3. The method for identifying abnormal access behavior according to claim 1, wherein the step of calling a preset calculation formula to calculate the coefficient of variation associated with the time interval according to the time interval comprises:
calculating the average value mu of all the time intervals; and the number of the first and second groups,
calculating the standard deviation sigma of all the time intervals;
the coefficient of variation cv is calculated by calling the calculation formula cv ═ σ/μ.
4. The abnormal access behavior recognition method of claim 3, wherein said step of calculating the average μ of all said time intervals is preceded by:
acquiring the quantity values of all the time intervals;
judging whether the quantity value is larger than a preset quantity threshold value or not;
and if the quantity value is judged to be larger than a preset quantity threshold value, generating a calculation instruction for calculating the average value mu of all the time intervals.
5. The method according to claim 1, wherein the step of determining whether the behavior of the specified user accessing the specified URL is an abnormal access behavior according to the variation coefficient and a preset variation threshold includes:
judging whether the variation coefficient is smaller than the variation threshold value;
if the variation coefficient is smaller than the variation threshold, judging that the behavior of the specified user for accessing the specified URL is an abnormal access behavior;
and if the variation coefficient is judged to be not smaller than the variation threshold, judging that the behavior of the specified user for accessing the specified URL is not abnormal access behavior.

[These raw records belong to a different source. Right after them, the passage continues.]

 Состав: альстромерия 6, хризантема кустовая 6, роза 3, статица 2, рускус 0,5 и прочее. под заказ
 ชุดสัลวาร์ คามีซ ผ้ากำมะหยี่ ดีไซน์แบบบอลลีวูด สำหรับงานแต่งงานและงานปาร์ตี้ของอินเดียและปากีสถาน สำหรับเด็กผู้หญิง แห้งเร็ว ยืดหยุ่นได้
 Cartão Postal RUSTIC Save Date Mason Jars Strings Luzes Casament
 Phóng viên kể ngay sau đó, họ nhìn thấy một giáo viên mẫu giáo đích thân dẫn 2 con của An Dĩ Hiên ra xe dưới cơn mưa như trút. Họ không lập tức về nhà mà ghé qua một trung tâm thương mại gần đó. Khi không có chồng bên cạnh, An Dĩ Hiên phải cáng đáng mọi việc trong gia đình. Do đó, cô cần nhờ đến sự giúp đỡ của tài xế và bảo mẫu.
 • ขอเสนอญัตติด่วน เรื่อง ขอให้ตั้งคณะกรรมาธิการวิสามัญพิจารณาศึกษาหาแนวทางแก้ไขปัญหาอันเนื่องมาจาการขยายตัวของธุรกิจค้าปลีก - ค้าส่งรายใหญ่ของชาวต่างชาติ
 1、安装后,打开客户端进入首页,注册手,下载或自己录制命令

6. The method for identifying an abnormal access behavior according to claim 1, wherein after the step of determining whether the behavior of the specified user accessing the specified URL is an abnormal access behavior according to the variation coefficient and a preset variation threshold, the method comprises:
after determining whether the access behaviors corresponding to all URLs in the log data are abnormal access behaviors or not, screening out specific URLs corresponding to the abnormal access behaviors, wherein the number of the specific URLs is one or more;
acquiring specific access behavior information corresponding to the specific URL;
and displaying the specific access behavior information.

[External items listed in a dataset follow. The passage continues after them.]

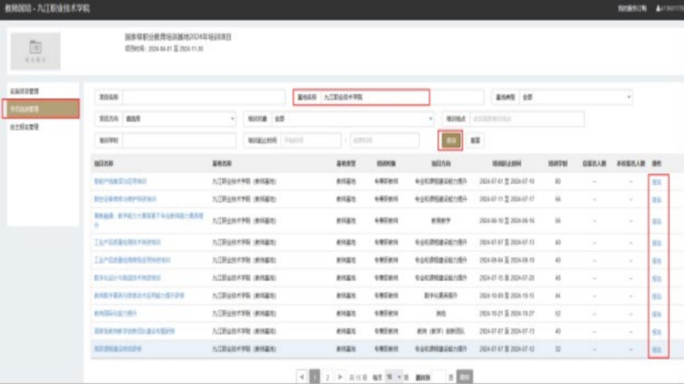 第五步:点击左侧“学员选派管理”,在基地名称中输入“九江职业技术学院”,点击“查询”,点击对应培训项目右侧“报名”,进入报名页面。
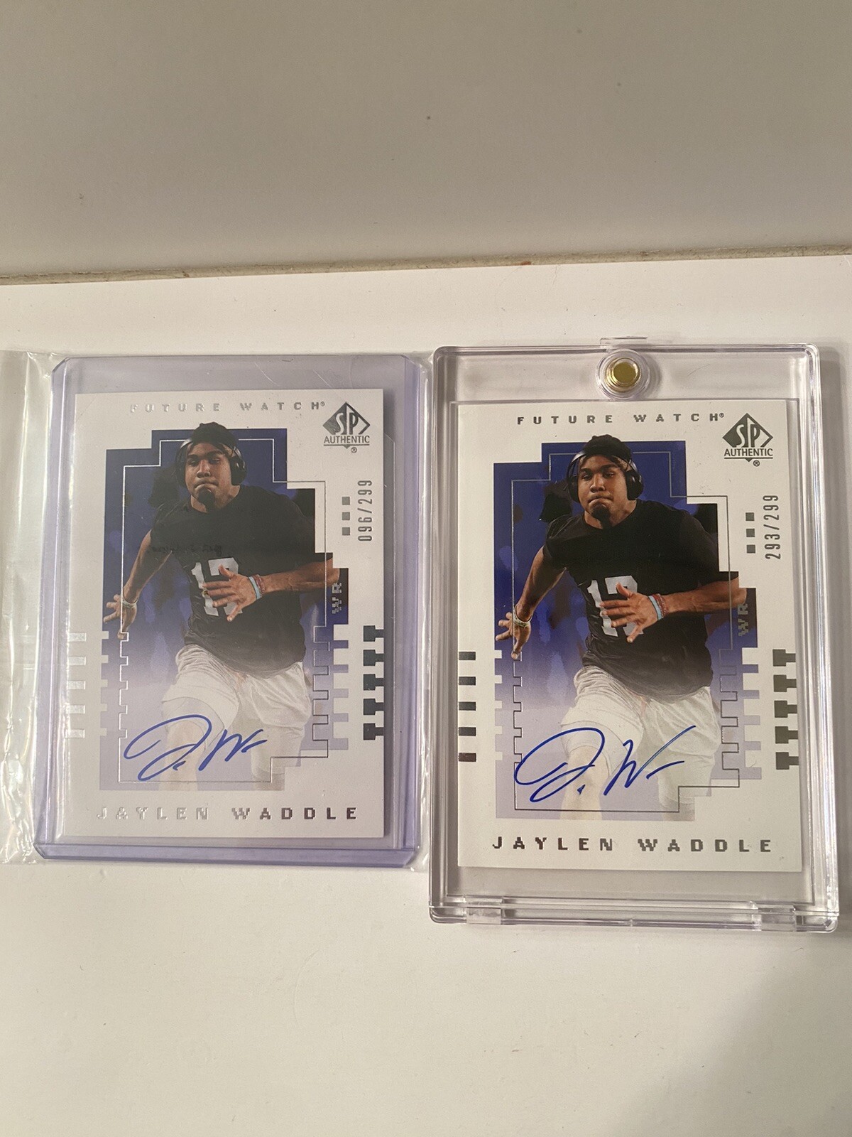 (2) SP Authentic Future Watch Rookie Auto Jaylen Waddle /299 Dolphins Signed by Jaylen Waddle
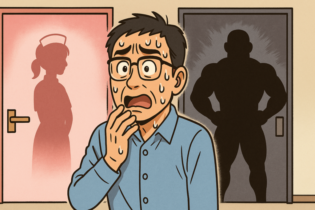 - 女に見られるのが精神的に無理 → ゴリラ(男性看護師)

7. The abnormal access behavior recognition method according to claim 6, wherein after the step of screening out the specific URL corresponding to the abnormal access behavior after respectively determining whether the behaviors of accessing all URLs in the log data are the abnormal access behaviors, the method comprises:
when an access event that a specific user accesses the specific URL is detected again, generating alarm information corresponding to the access event;
limiting the execution of response operation on the specific access behavior corresponding to the access event;
extracting specific user information from specific access behavior information corresponding to the specific URL;
and sending reminding information for modifying the personal information to a specific user terminal corresponding to the specific user information.
8. An abnormal access behavior recognition apparatus, comprising:
the first acquisition module is used for acquiring log data;
the first calculation module is used for calculating all time intervals corresponding to two adjacent visits of the same appointed URL by the appointed user according to the log data, wherein the appointed URL is any one of all URLs contained in the log data;
the second calculation module is used for calling a preset calculation formula to calculate a variation coefficient related to the time interval according to the time interval;
and the determining module is used for determining whether the behavior of the specified user for accessing the specified URL is an abnormal access behavior according to the variation coefficient and a preset variation threshold.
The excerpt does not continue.